Task instructions = Nothing but the exact text of the entries should appear in your answer; pictures stay out.

Provided material =
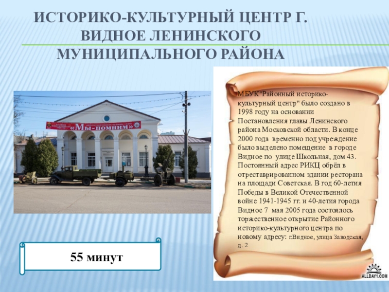 Соответственно здание, расположенное рядом с Администрацией – это ЦДКиД г.Видное, напротив, с противоположной стороны улица располагается ИКЦ Ленинского муниципального района Московской области.
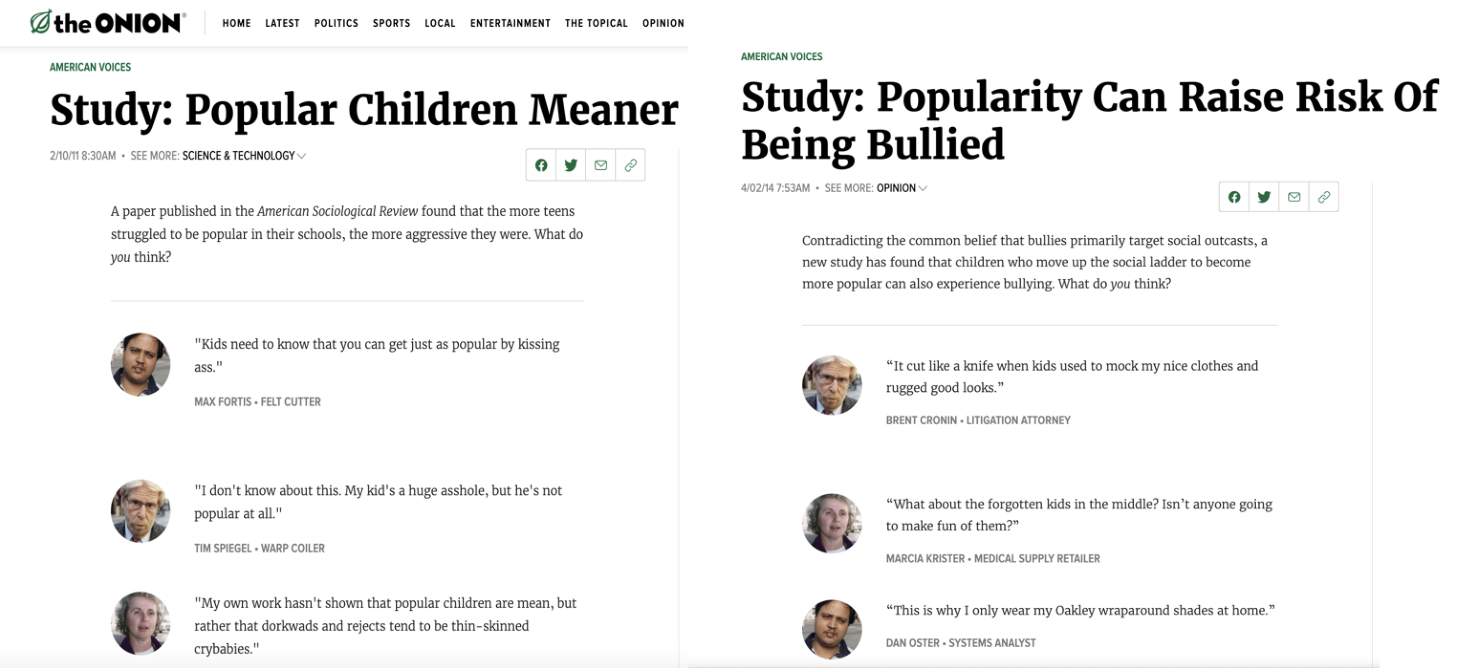 The Washington Post, “ Most, least popular kids least likely to bully, study says.” Valerie Strauss
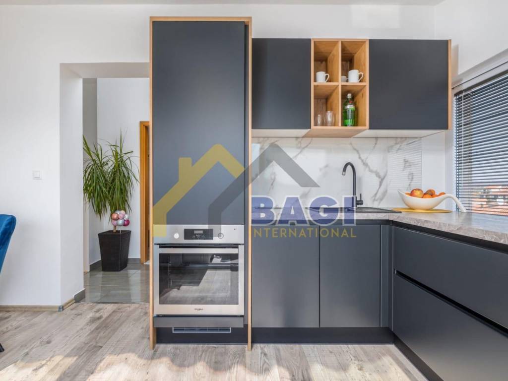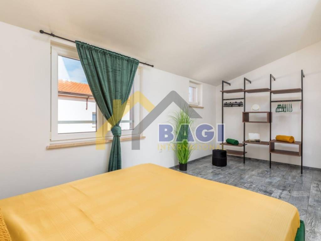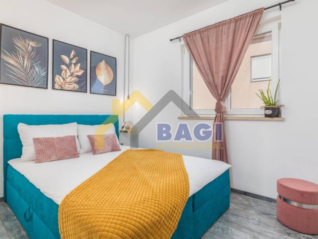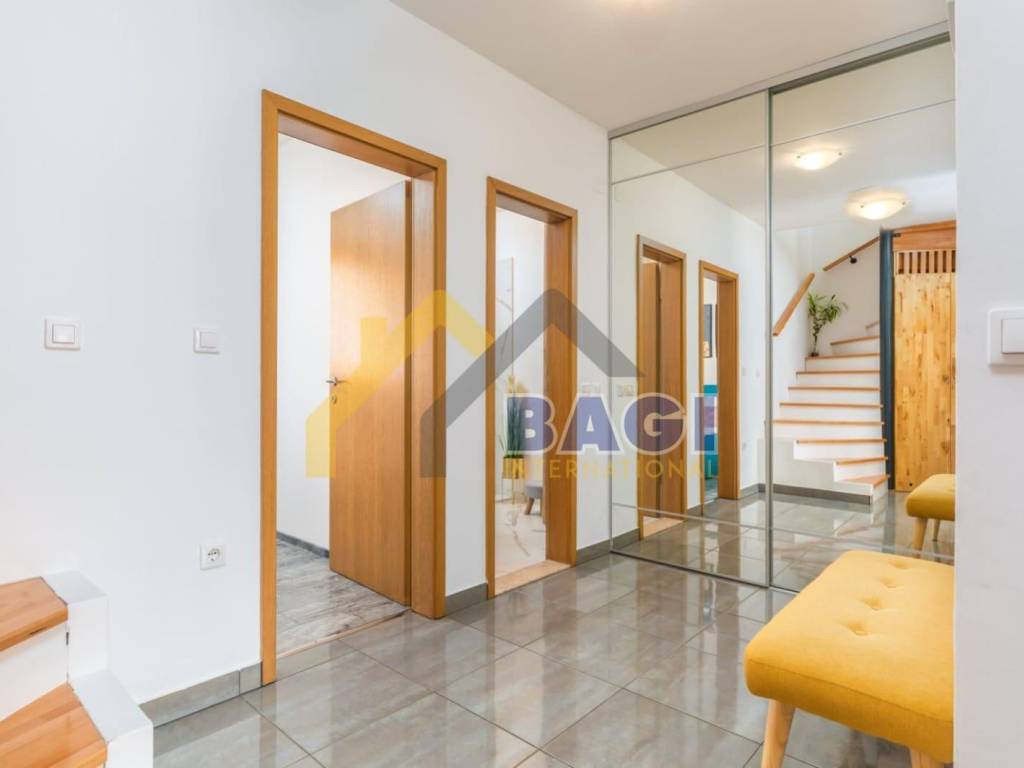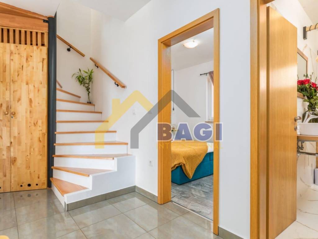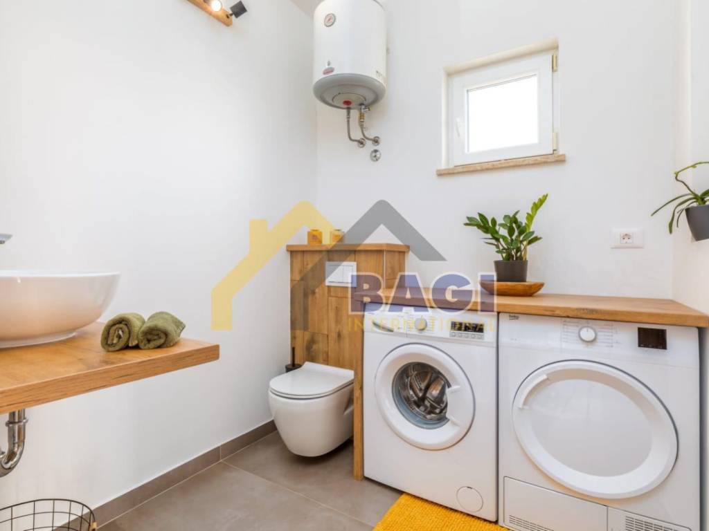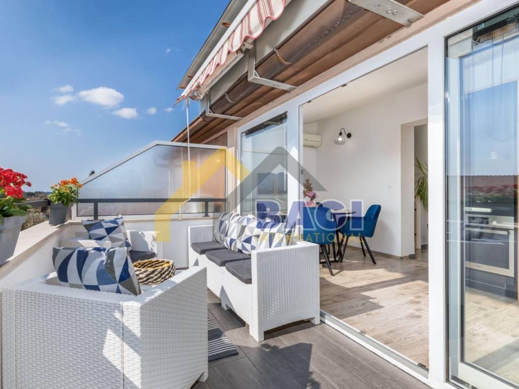 For sale is a beautiful apartment located in Valbandon, 500 meters from the sea and beaches. The apartment is two-story, first and second floor, and its total size is 76.27m2. It consists of a hallway, living room, two bedrooms, bathroom, kitchen with dining area, toilet and laundry room, and a sunny terrace. It was luxuriously decorated in 2022. The apartment also has a parking space.
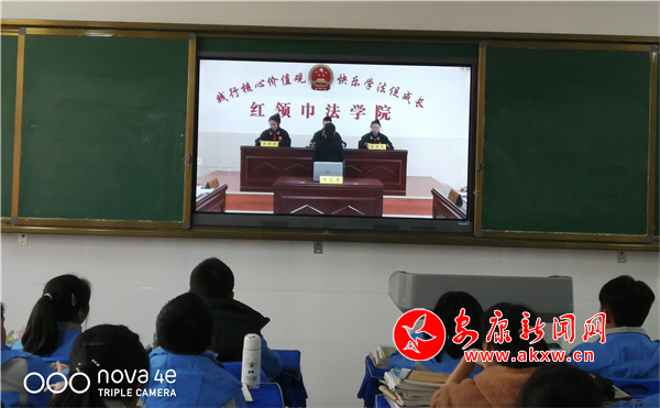 全校師生觀看了安康新聞網錄制的由初二(1)班和初二(5)班“紅領巾小隊員”聯袂出演的“模擬法庭”之《濱海市第一中學未成年高二學生王順友故意傷害同班同學李海安一案》的審理流程視頻。
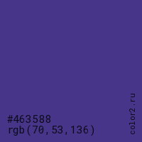 Цвет #463588 в цветовой модели RGB обозначается тремя октетами (70, 53, 136) в десятичном формате и #463588 в шестнадцатиричном (hex) формате, которые являются интенсивностью красного 70 (hex 46), интенсивность зелёного 53 (hex 35) и интенсивность синего 136 (hex 88).
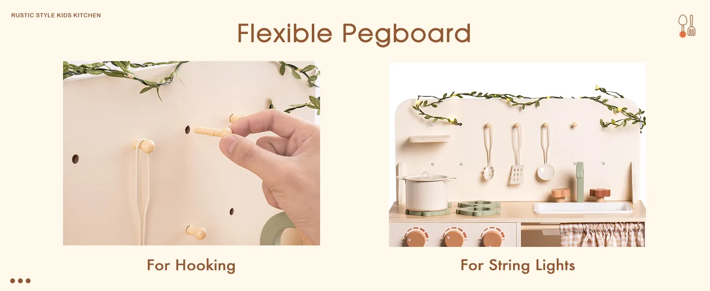 2. 【Easy to assemble】Follow the instructions for easy assembly. This set of accessories includes leaf light rope, apron, grooves and more, allowing children to create their own unique kitchen style.
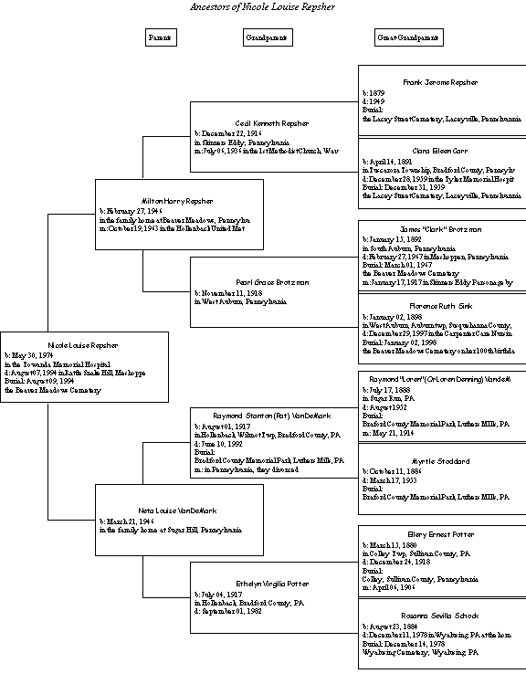 Carol would like to dedicate this composition to the original author of most of this work, Evelyn Virginia Potter Keeney, and her niece, Nicole Louise Repsher. Both are gone now but not forgotten.
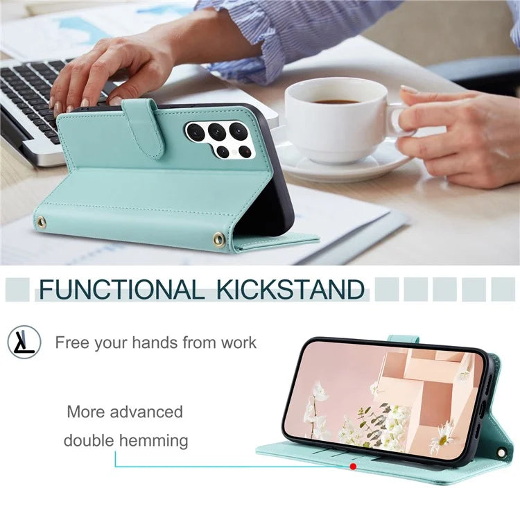 For Samsung Galaxy S23 Ultra Case Wallet Phone Cover with Shoulder Strap and Hand Strap
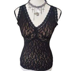 2. Y2K 2000'S SOMA BLAC LACE WITH NUDE UNDER LINING BODY CON STRETCHY TOP SMALL

Solution for this problem =
 Соответственно здание, расположенное рядом с Администрацией – это ЦДКиД г.Видное, напротив, с противоположной стороны улица располагается ИКЦ Ленинского муниципального района Московской области.
 The Washington Post, “ Most, least popular kids least likely to bully, study says.” Valerie Strauss
 For sale is a beautiful apartment located in Valbandon, 500 meters from the sea and beaches. The apartment is two-story, first and second floor, and its total size is 76.27m2. It consists of a hallway, living room, two bedrooms, bathroom, kitchen with dining area, toilet and laundry room, and a sunny terrace. It was luxuriously decorated in 2022. The apartment also has a parking space.
 全校師生觀看了安康新聞網錄制的由初二(1)班和初二(5)班“紅領巾小隊員”聯袂出演的“模擬法庭”之《濱海市第一中學未成年高二學生王順友故意傷害同班同學李海安一案》的審理流程視頻。
 Цвет #463588 в цветовой модели RGB обозначается тремя октетами (70, 53, 136) в десятичном формате и #463588 в шестнадцатиричном (hex) формате, которые являются интенсивностью красного 70 (hex 46), интенсивность зелёного 53 (hex 35) и интенсивность синего 136 (hex 88).
 2. 【Easy to assemble】Follow the instructions for easy assembly. This set of accessories includes leaf light rope, apron, grooves and more, allowing children to create their own unique kitchen style.
 Carol would like to dedicate this composition to the original author of most of this work, Evelyn Virginia Potter Keeney, and her niece, Nicole Louise Repsher. Both are gone now but not forgotten.
 For Samsung Galaxy S23 Ultra Case Wallet Phone Cover with Shoulder Strap and Hand Strap
 2. Y2K 2000'S SOMA BLAC LACE WITH NUDE UNDER LINING BODY CON STRETCHY TOP SMALL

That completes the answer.